For video, SAM 2 is designed to operate in a streaming fashion: frames are processed one at a time in temporal order, the memory encoder writes summaries into the memory bank, and the memory attention reads from the bank to condition the next frame.[^2] This streaming design has two consequences. First, latency per frame is roughly constant after warm-up, so the system can run in real time on the Tiny, Small, and Base+ variants on an NVIDIA A100 GPU.[^9] Second, the bounded memory bank size keeps memory consumption flat as the video grows in length, which is important for long videos and for interactive use cases where the user may scrub back and forth.
A central contribution of the SAM 2 release is the SA-V (Segment Anything Video) dataset, which the authors describe as the largest open video segmentation dataset at the time of release.[^3] The dataset is shared under the CC BY 4.0 license, with downloads hosted on the Meta AI datasets page.[^8]

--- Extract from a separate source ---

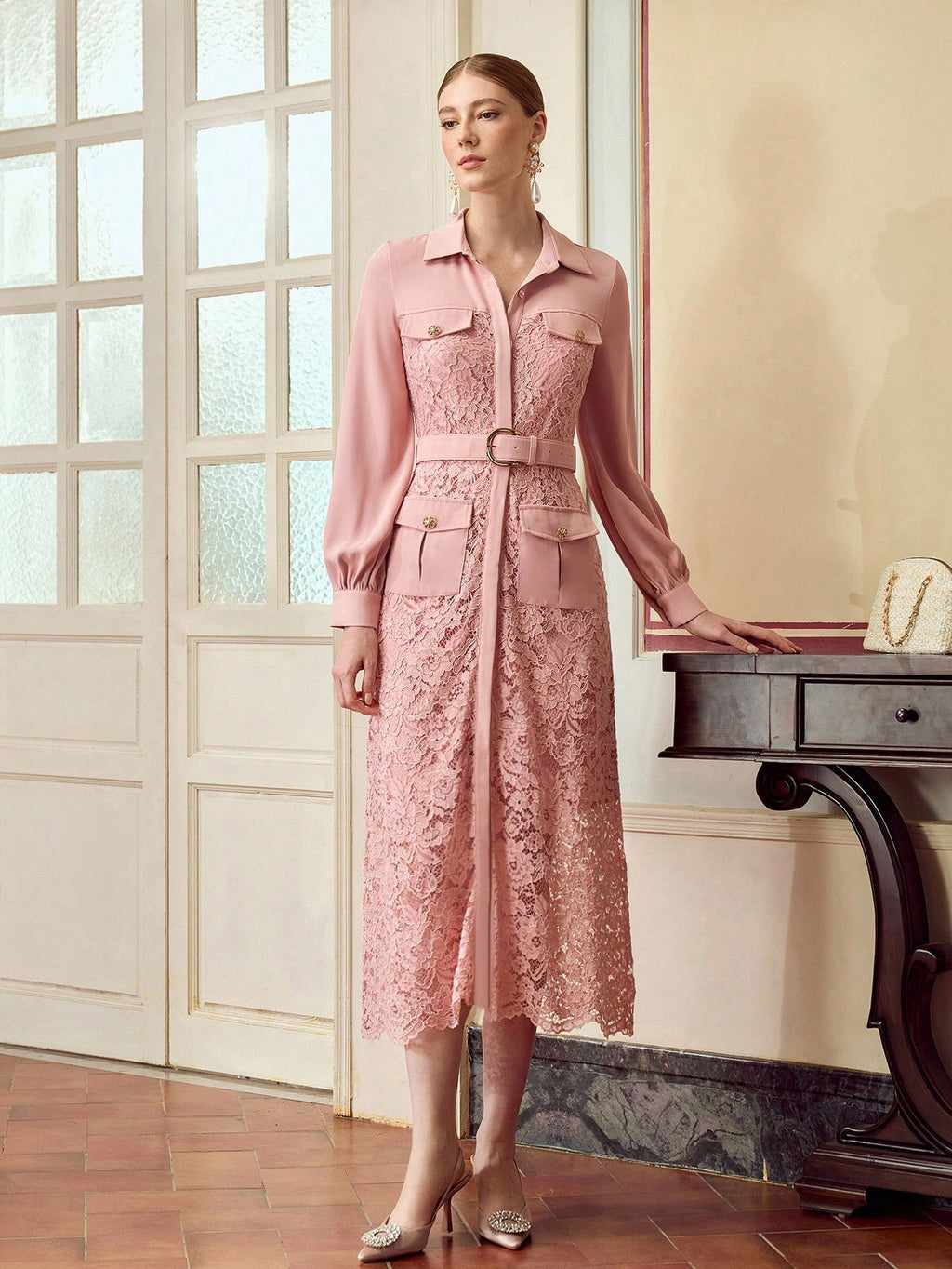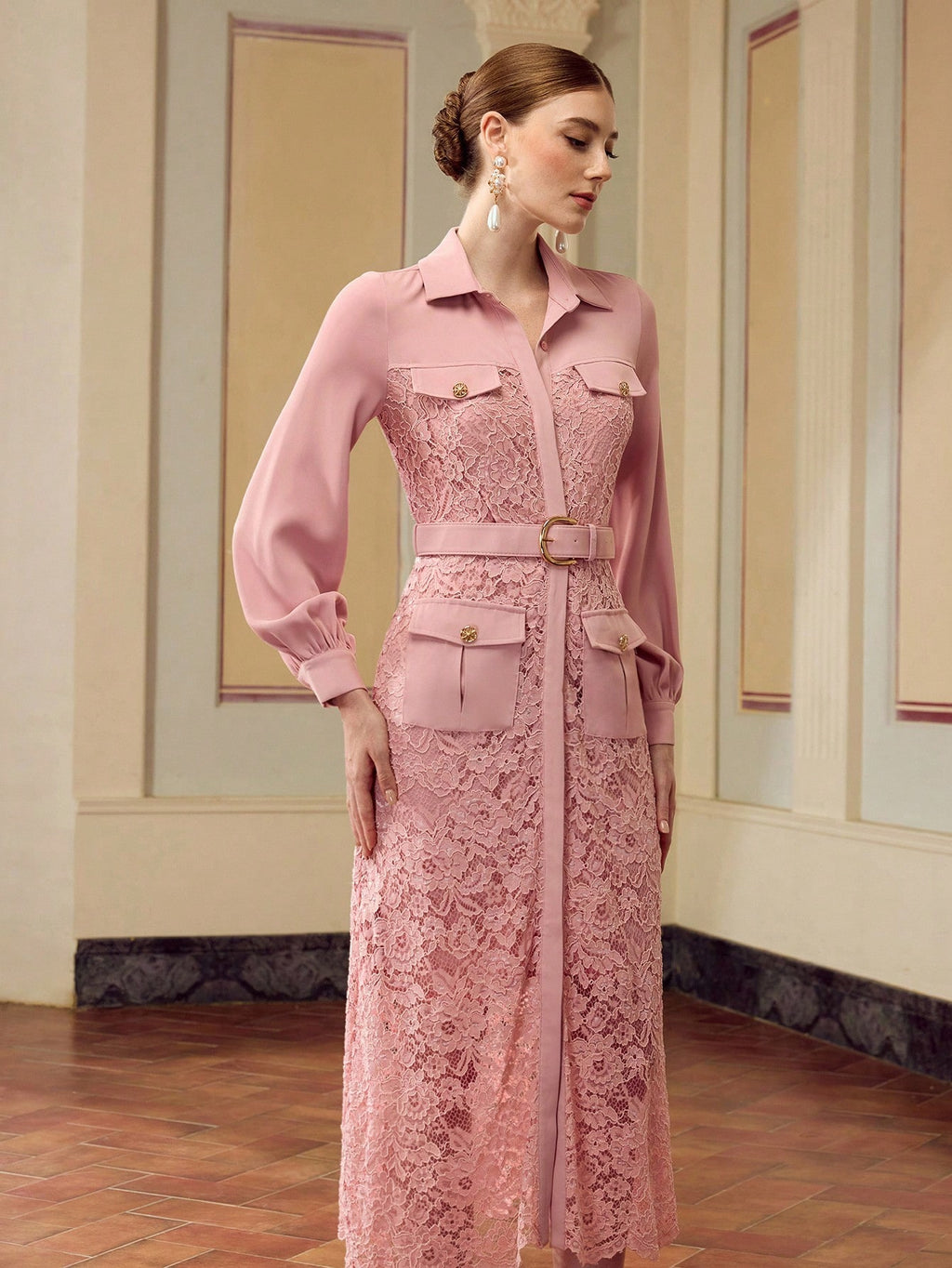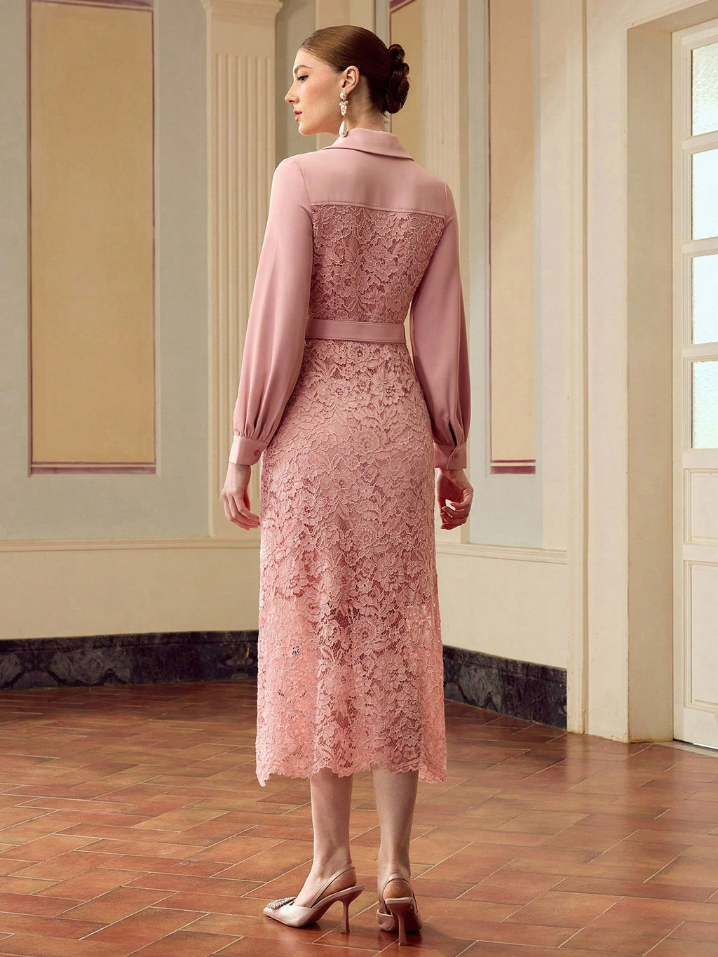 MIU Women's Elegant Solid Color Lace Splice Midi Dress

SA-V contains approximately 50,900 source videos and roughly 643,000 masklets, where a masklet is a spatio-temporal mask covering a single object across multiple video frames.[^3] The data is divided into a manually annotated subset (SA-V Manual) of around 190,900 masklets and an automatically annotated subset (SA-V Auto) of around 451,700 masklets that were generated by SAM 2 and verified by human annotators.[^3] Videos in SA-V average approximately fourteen seconds in length at a typical resolution of 1401×1037, and they are class-agnostic: there are no semantic labels attached to the masks.[^8] The dataset was assembled from footage spanning 47 countries, with both indoor and outdoor scenes.[^4]
For comparison, the authors note that SA-V is roughly 15 times larger than the largest prior open video segmentation datasets in terms of videos and more than 50 times larger in terms of masks, with BURST and UVO-dense cited as prior baselines.[^3][^7]
SA-V was collected through a model-in-the-loop data engine that proceeded in three phases, each tightening the cost of annotation as the model improved.[^7]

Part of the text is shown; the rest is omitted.